As a long-time director of the University of Birmingham’s Centre for Contemporary Cultural Studies, Hall wielded major influence both within academic circles and in wider public discussions of politics, race and media.
Born into a so called middle-class family in Jamaica in 1932, he went to England as a Rhodes Scholar in 1951 to study at Oxford University. He continued on a PhD route (which he later abandoned), became a central figure of the British New Left, and co-founded the journal New Left Review.
For Hall, “intellectual practice was politics, and questions of culture were political questions,” say the meeting’s conveners. The conference’s title is in fact inspired by Hall’s own stated view that theoretical work meant “wrestling with the angels” and that the only theory worth having was one for which you had to fight and with which you had to struggle.

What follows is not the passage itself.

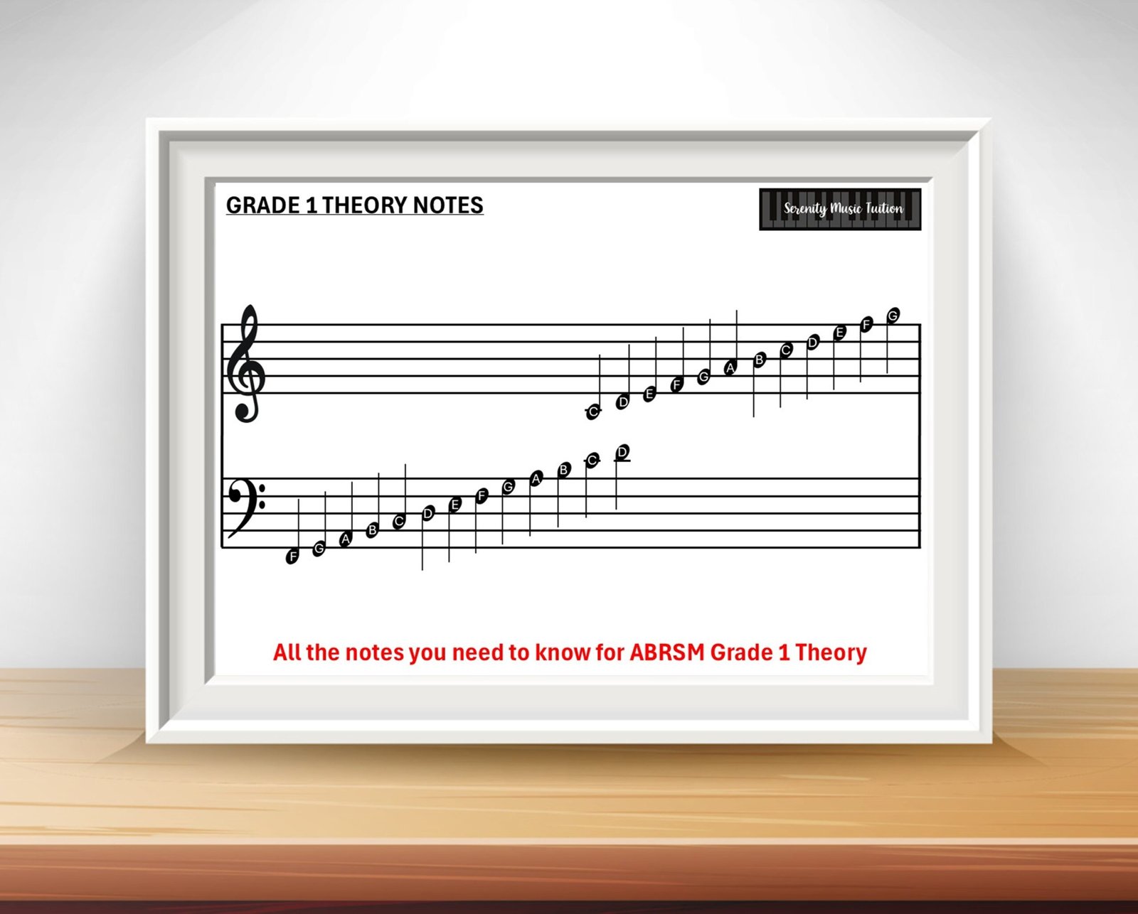 These are all the notes you need to know for ABRSM grade 1 theory. It downloads as a PDF prints out on one page of A4. The frame on the photo is just for visual effect and is not shown on the printed copy.
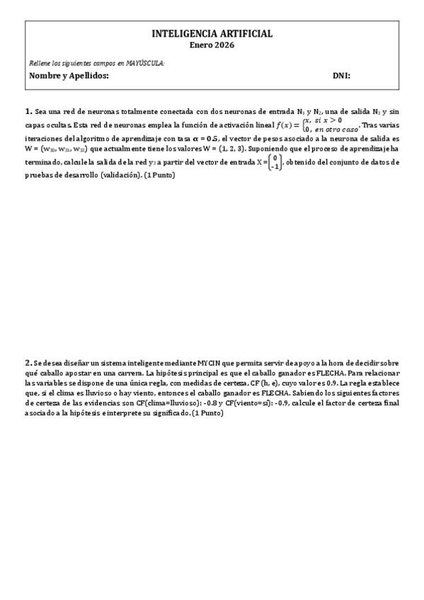 Examen del Tercer Parcial del Tema 4 y Tema 5 de Inteligencia Artificial - Enero 2026

Author Caryl Phillips (photo: Daria Tunca)
British-Caribbean author Caryl Phillips has described Hall as a “sociologist, writer, film critic and political activist” and said that the theorist’s achievements were an extension of the work of a man Hall greatly admired, the Trinidadian intellectual, C.L.R. James.
Outside of the academic world, Hall developed into “Britain’s most insightful media critic on matters as wide-ranging as film, literature, race migration and class”, Phillips wrote in an article.
He considered Hall to be unique in his ability to “move between the worlds of the academy and the popular media with both elegance and authority”, he added.
“One day he is on television interviewing Spike Lee, or presenting a documentary about Derek Walcott, the next day he is delivering a guest lecture on [Italian theoretician Antonio] Gramsci’s political thoughts to a university audience, and the day after that writing a paper on the role of the modern black photographer in British society to be read at a gallery opening,” Phillips wrote in 1997, in the introduction to an interview with Hall.
It is this multi-faceted nature that makes Hall’s work so engrossing, according to professors Cord and Sedlmayr.  But his achievements and personality could be overshadowing his ideas.
Prof. Gerold Sedlmayr
“Hall is still very relevant - he is mentioned in almost every paper about cultural studies,” Sedlmayr told SWAN. “But there’s often no deeper engagement. He seems to be canonized, yet no one deals with his ideas anymore.”
The conference will not only address this anomaly, but some participants will offer theories on how Hall would have viewed the rampant development of social media, or the current political language in Europe, where governments are struggling to develop a coherent and humane response to the refugee crisis.
One scholar - Nina Power of London’s Roehampton University - will look particularly at “why the 21st century needs Stuart Hall”.  - A.M.